START INFORMATION

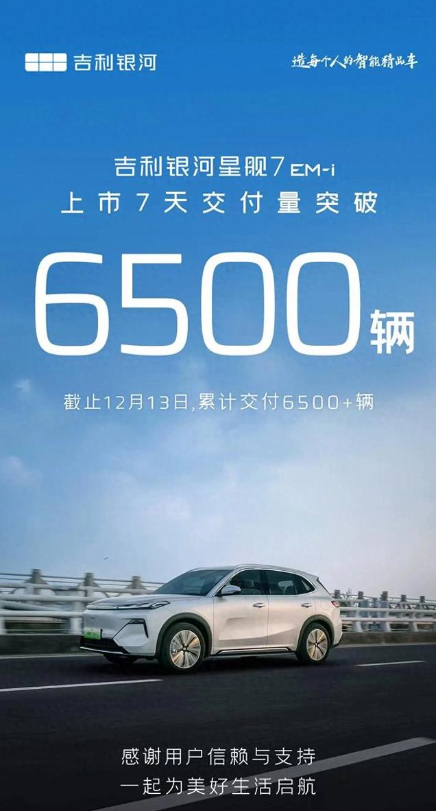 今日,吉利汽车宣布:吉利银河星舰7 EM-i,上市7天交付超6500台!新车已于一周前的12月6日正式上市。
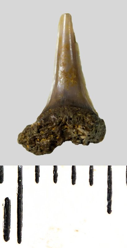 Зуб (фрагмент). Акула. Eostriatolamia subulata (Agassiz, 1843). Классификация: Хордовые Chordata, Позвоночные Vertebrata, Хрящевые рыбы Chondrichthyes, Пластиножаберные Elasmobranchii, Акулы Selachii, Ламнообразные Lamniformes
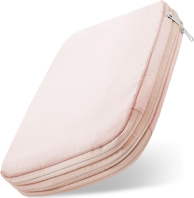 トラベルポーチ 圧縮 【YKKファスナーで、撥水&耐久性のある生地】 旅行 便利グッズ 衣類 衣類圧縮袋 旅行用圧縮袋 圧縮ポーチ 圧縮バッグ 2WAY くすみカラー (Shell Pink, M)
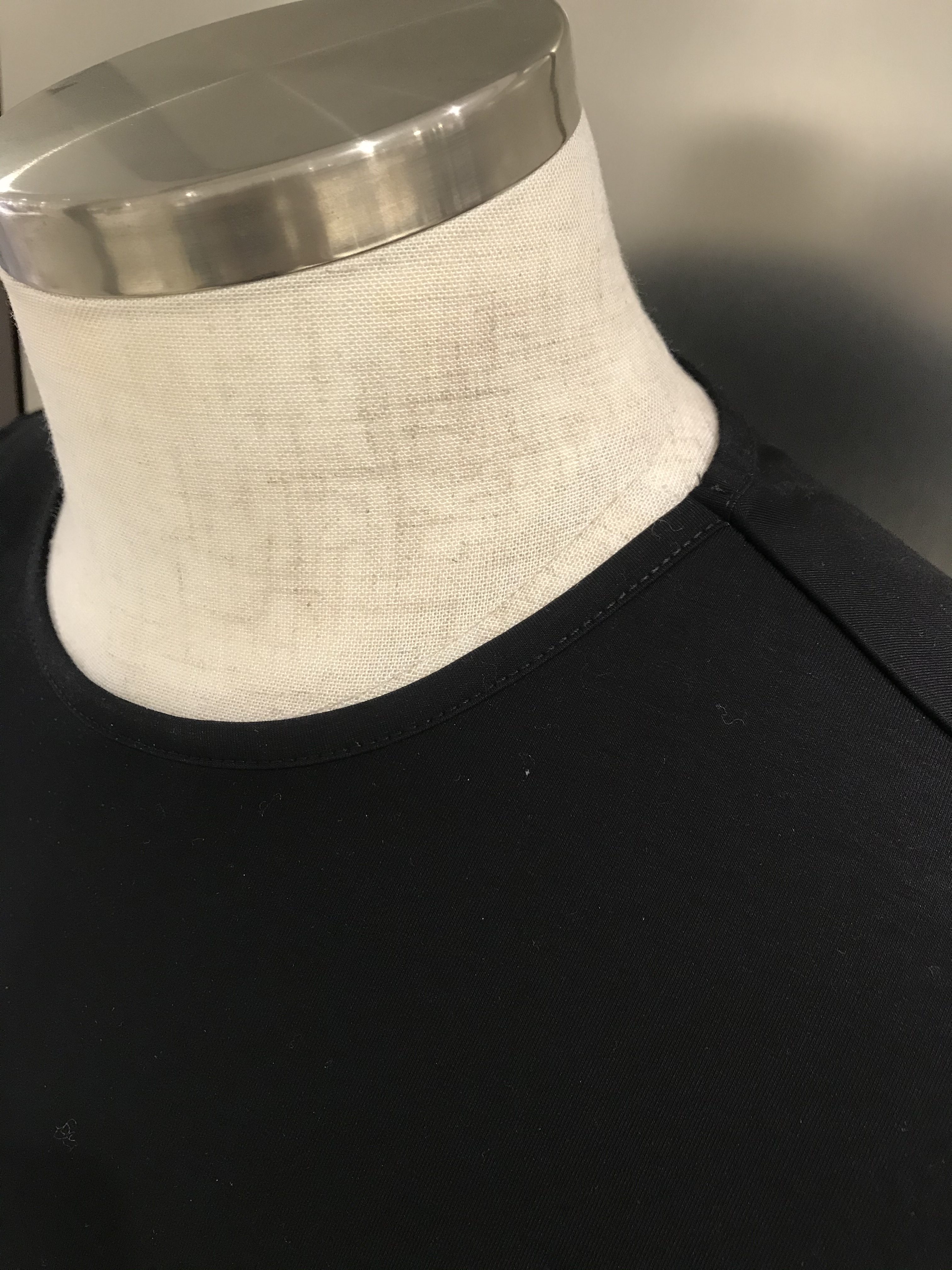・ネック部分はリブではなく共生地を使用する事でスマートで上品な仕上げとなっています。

END INFORMATION
START INFORMATION

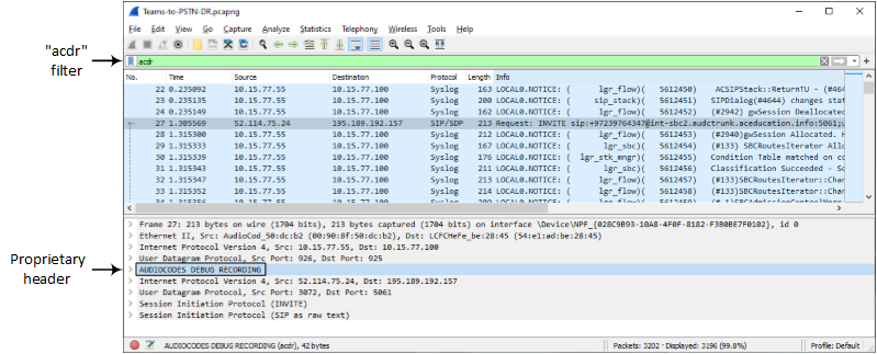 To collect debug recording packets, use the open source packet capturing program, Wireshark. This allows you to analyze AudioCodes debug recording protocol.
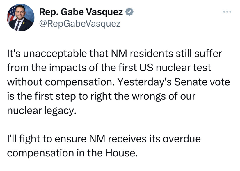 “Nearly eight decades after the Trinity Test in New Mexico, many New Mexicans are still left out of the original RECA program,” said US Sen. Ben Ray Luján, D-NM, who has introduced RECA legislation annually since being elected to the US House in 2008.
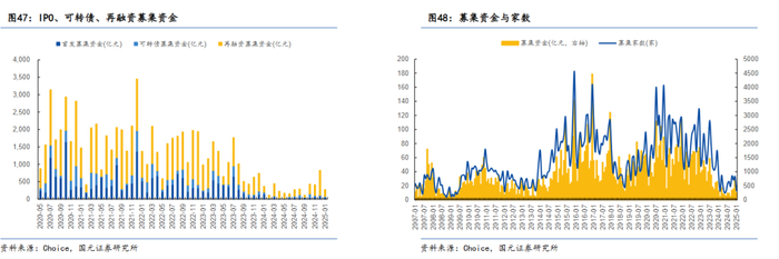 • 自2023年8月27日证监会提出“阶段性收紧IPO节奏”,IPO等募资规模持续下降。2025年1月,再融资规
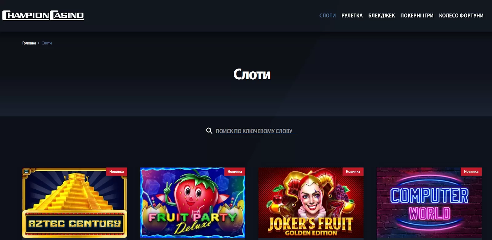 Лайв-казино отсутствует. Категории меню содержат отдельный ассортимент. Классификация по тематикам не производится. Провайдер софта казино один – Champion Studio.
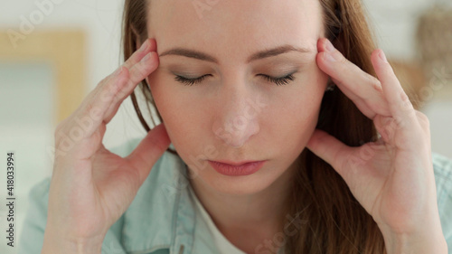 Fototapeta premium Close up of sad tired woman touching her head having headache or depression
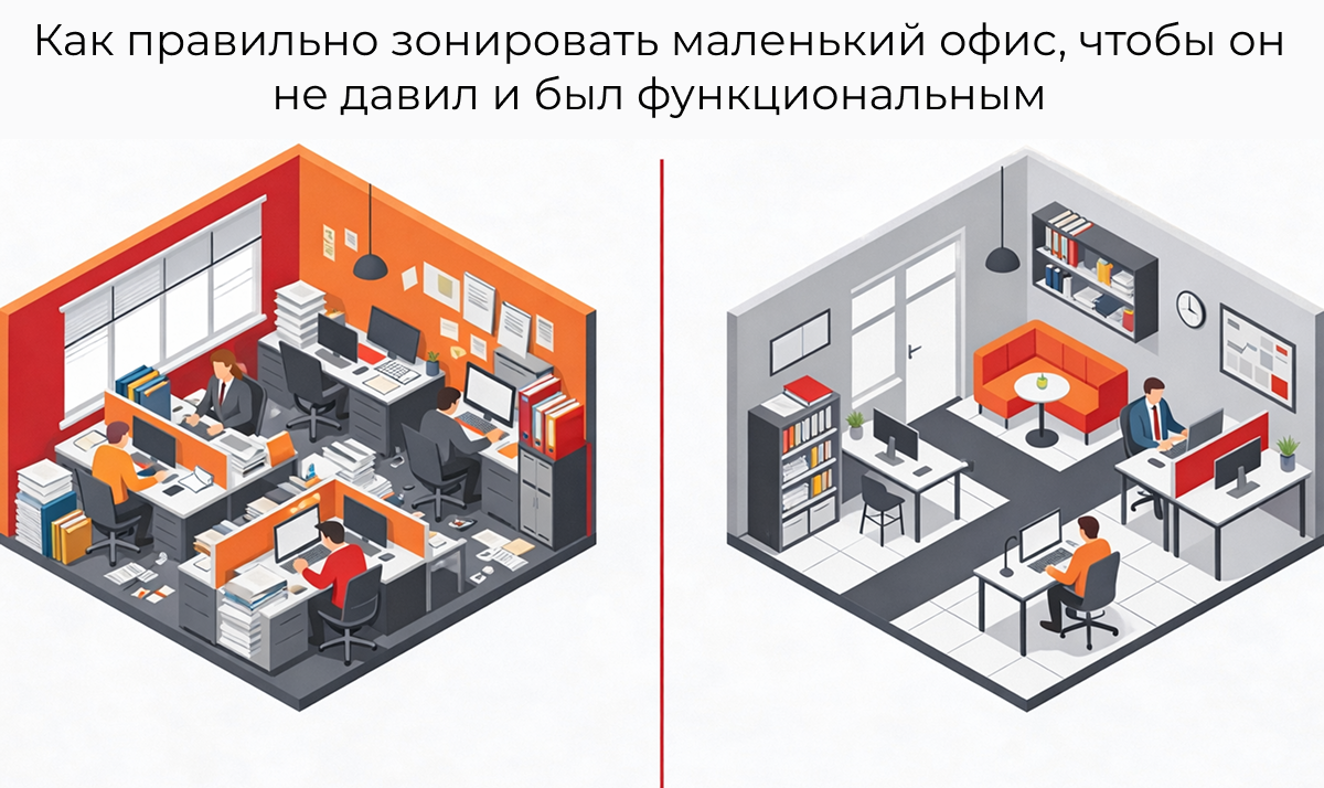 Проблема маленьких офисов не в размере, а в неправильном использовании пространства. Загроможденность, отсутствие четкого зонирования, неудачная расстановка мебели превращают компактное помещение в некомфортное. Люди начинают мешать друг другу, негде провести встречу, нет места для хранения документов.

END INFORMATION

### WHAT YOU SHOULD DO
Starting at the line above that holds "To collect debug", return each line up to and including the one that holds "Проблема маленьких офисов", exactly as written, minus any pictures.

### REPLY
 To collect debug recording packets, use the open source packet capturing program, Wireshark. This allows you to analyze AudioCodes debug recording protocol.
 “Nearly eight decades after the Trinity Test in New Mexico, many New Mexicans are still left out of the original RECA program,” said US Sen. Ben Ray Luján, D-NM, who has introduced RECA legislation annually since being elected to the US House in 2008.
 • 自2023年8月27日证监会提出“阶段性收紧IPO节奏”,IPO等募资规模持续下降。2025年1月,再融资规
 Лайв-казино отсутствует. Категории меню содержат отдельный ассортимент. Классификация по тематикам не производится. Провайдер софта казино один – Champion Studio.
 Fototapeta premium Close up of sad tired woman touching her head having headache or depression
 Проблема маленьких офисов не в размере, а в неправильном использовании пространства. Загроможденность, отсутствие четкого зонирования, неудачная расстановка мебели превращают компактное помещение в некомфортное. Люди начинают мешать друг другу, негде провести встречу, нет места для хранения документов.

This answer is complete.